Отец д'Эгриньи поглядел на Родена с глубокой гневной тревогой и, наконец, прошептал:

— Без письма мадемуазель де Кардовилль увещания кузнеца не привели бы ни к чему. Неужели эта проклятая девица будет вечно препятствием, о которое разбиваются все наши планы? Как мы ни старались, она заключила союз с индусом, и если теперь аббат Габриель доведет все до конца и господин Гарди вырвется от нас, я не знаю, что и делать. Что делать?.. Право, отец мой, можно прийти в отчаяние, думая о будущем!

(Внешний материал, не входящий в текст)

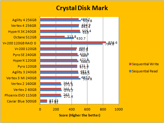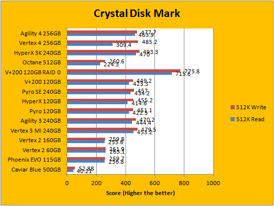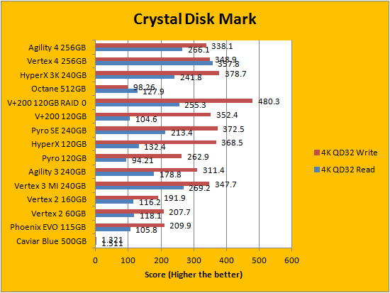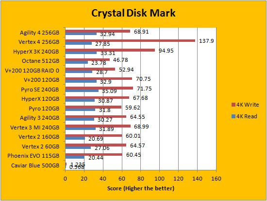 Crystal Disk Mark 3.0 is in the spotlight. Just a bit of background information; higher capacity drives tend to perform a little better in these tests. Although the OCZ Agility 4 256GB did not post earth shattering results in any of the results, the controller's ability to handle non-compressible data, and its IOPS advantage definitely put the Agility 4 among the best performing SandForce disks. As you can see in our graphs above, it was actually quite fast in a number of tests -- besting even the flagship OCZ Vertex 4 more than once. Its high IOPS capability of OCZ's controller paid off, and these are the stuff that will make a big difference in real life performance.
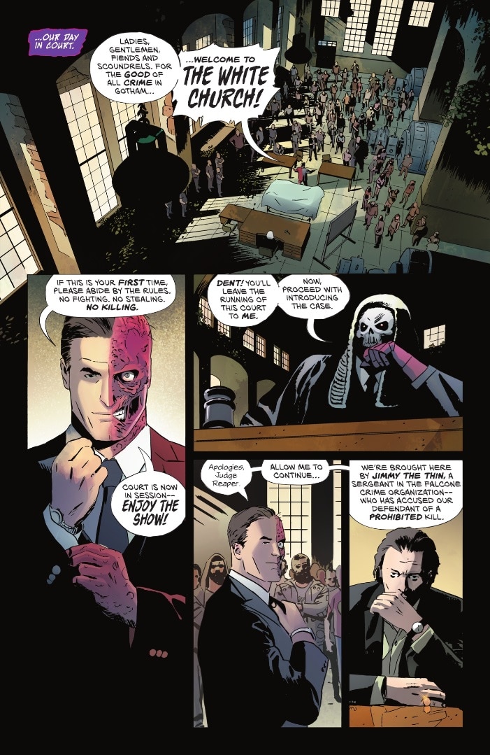 Harvey Dent, a once prominent District Attorney in Gotham City, lost everything when a brutal attack burned half his face and body and fractured his psyche. Harvey is now forced to share his mind and body with a bad-tempered and violent version of himself he refers to as “Bad-Harvey.” In a desperate attempt to get his life back on track and gain some sort of control, he returns to the courtroom to do what he does best—this time for Gotham’s criminal underworld as a defense attorney. Known as the White Church, this secretive courtroom holds trials resolving criminal vs. criminal conflict—and being found guilty could mean death. But everything changes when Two-Face is forced to go to trial against himself. You’ve never seen a courtroom drama quite like this before!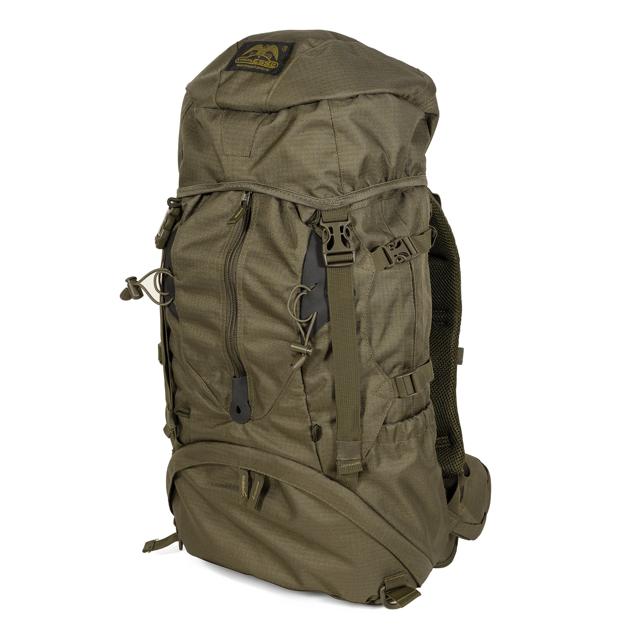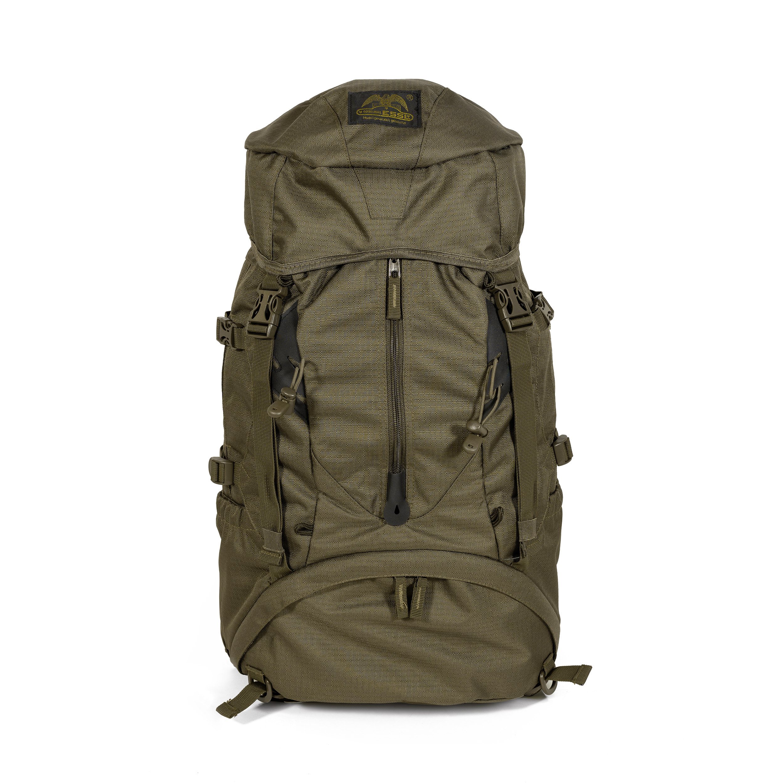 Sac à dos de taille moyenne pour la randonnée, la chasse ou les applications tactiques, avec chargement par le haut et par le bas. L'entrée supérieure est équipée d'un rabat avec une poche extérieure et une poche intérieure à fermeture éclair. L'entrée inférieure est sécurisée par une fermeture éclair à double sens recouverte d'un rabat. À l'intérieur du sac à dos, on trouve un compartiment pour une poche à eau et une ouverture centrale pour faire passer le tuyau. L'espace intérieur du sac à dos peut être divisé en deux compartiments, supérieur et inférieur, à l'aide d'un collier de serrage. Le sac à dos dispose d'une poche frontale pour carte et de quatre poches latérales. Les plus grandes sont fermées par des fermetures éclair verticales et peuvent contenir, par exemple, une gourde de 1 litre. Les poches inférieures ouvertes sont adaptées aux petites bouteilles ou au rangement des bâtons de randonnée. Sur les côtés, on trouve également des sangles de compression et, à l'avant, des boucles pour fixer des piolets. Une housse de pluie intégrée se trouve dans la petite poche au fond du sac à dos. Le sac à dos est également livré avec un support en matière élastique qui se fixe à l'avant du sac à dos. Il sert à fixer un casque, une veste enroulée, etc.

— Нет, — сухо возразил Роден, если только в доме архиепископа немедленно исполнят мои приказания.

— И тогда?

— Тогда я отвечаю за все… но мне нужно иметь известные вам бумаги не позже чем через полчаса.

— Они должны быть написаны и подписаны давно… я тотчас же передал ваше приказание — в самый день операции…

Роден знаком прервал речь аббата д'Эгриньи и приложил глаза к отверстию, позволявшему видеть, что делается в соседней комнате.

34. НАСТОЯЩИЙ ПАСТЫРЬ

Роден увидел в эту минуту, как в комнату господина Гарди вошел Габриель, которого ввел за руку кузнец. Присутствие двух молодых людей, одного — с мужественной открытой физиономией, а другого — одаренного ангельской красотой, являло такой резкий контраст с лицемерными лицами, окружавшими обыкновенно господина Гарди, что фабрикант, растроганный великодушными речами Агриколя, почувствовал, как его сердце, столь долго находившееся под гнетом, начинает биться свободно и легко.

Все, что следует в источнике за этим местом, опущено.